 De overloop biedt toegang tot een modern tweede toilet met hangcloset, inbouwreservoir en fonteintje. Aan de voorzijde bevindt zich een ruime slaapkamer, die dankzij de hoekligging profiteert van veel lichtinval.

--

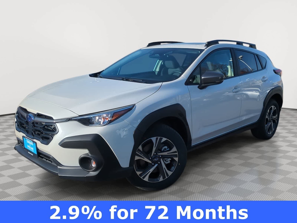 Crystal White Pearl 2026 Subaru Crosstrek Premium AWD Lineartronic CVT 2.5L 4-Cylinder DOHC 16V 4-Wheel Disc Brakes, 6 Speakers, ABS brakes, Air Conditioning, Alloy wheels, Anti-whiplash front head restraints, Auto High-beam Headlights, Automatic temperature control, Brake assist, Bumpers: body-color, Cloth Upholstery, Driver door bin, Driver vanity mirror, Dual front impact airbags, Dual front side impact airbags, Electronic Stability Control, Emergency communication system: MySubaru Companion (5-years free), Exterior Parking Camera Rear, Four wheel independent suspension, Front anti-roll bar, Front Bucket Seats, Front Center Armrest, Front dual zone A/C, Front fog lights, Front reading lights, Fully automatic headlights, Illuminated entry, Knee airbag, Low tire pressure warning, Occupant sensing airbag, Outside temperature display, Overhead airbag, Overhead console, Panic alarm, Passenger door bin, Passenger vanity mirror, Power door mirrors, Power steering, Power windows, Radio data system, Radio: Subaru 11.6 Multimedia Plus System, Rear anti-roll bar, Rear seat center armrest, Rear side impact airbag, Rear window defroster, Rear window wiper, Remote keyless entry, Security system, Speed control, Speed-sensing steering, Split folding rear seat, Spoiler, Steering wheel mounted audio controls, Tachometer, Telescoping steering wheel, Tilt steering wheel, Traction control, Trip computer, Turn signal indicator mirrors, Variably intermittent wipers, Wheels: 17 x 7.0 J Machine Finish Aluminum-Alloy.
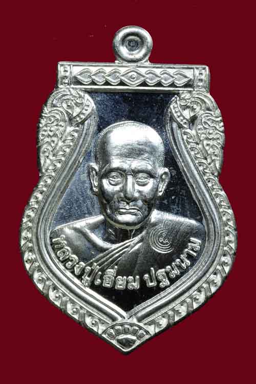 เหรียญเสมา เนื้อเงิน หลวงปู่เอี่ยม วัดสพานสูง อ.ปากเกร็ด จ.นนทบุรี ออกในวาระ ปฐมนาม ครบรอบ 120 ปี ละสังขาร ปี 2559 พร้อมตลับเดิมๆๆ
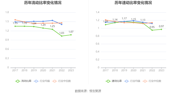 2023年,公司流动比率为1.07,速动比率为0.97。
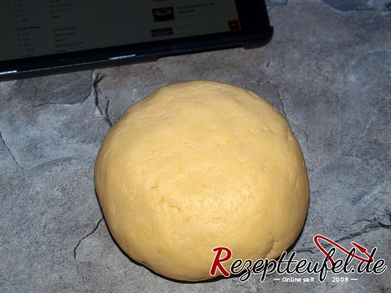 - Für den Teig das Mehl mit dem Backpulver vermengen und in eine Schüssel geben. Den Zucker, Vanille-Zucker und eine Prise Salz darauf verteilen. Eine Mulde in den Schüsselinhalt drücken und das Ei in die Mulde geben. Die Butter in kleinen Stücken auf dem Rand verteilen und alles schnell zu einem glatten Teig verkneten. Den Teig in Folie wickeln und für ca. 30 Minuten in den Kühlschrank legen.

---

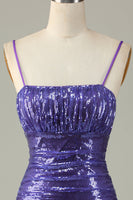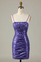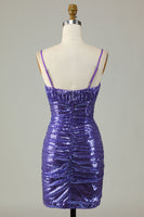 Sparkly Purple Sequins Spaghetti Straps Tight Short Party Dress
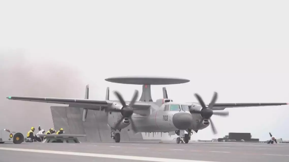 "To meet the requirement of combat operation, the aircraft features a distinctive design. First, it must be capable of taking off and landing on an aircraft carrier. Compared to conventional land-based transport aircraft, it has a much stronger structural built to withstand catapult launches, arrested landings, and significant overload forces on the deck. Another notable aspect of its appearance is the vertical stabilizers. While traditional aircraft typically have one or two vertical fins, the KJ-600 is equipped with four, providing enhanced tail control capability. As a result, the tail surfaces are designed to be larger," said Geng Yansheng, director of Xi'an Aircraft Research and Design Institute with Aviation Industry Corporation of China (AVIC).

#### [Task prompt]
Once the line with "Sparkly Purple Sequins" is found above, transcribe each line from it through the line with "of China (AVIC).", exactly, and omit the pictures.

#### [Result for this exercise]
 Sparkly Purple Sequins Spaghetti Straps Tight Short Party Dress
 "To meet the requirement of combat operation, the aircraft features a distinctive design. First, it must be capable of taking off and landing on an aircraft carrier. Compared to conventional land-based transport aircraft, it has a much stronger structural built to withstand catapult launches, arrested landings, and significant overload forces on the deck. Another notable aspect of its appearance is the vertical stabilizers. While traditional aircraft typically have one or two vertical fins, the KJ-600 is equipped with four, providing enhanced tail control capability. As a result, the tail surfaces are designed to be larger," said Geng Yansheng, director of Xi'an Aircraft Research and Design Institute with Aviation Industry Corporation of China (AVIC).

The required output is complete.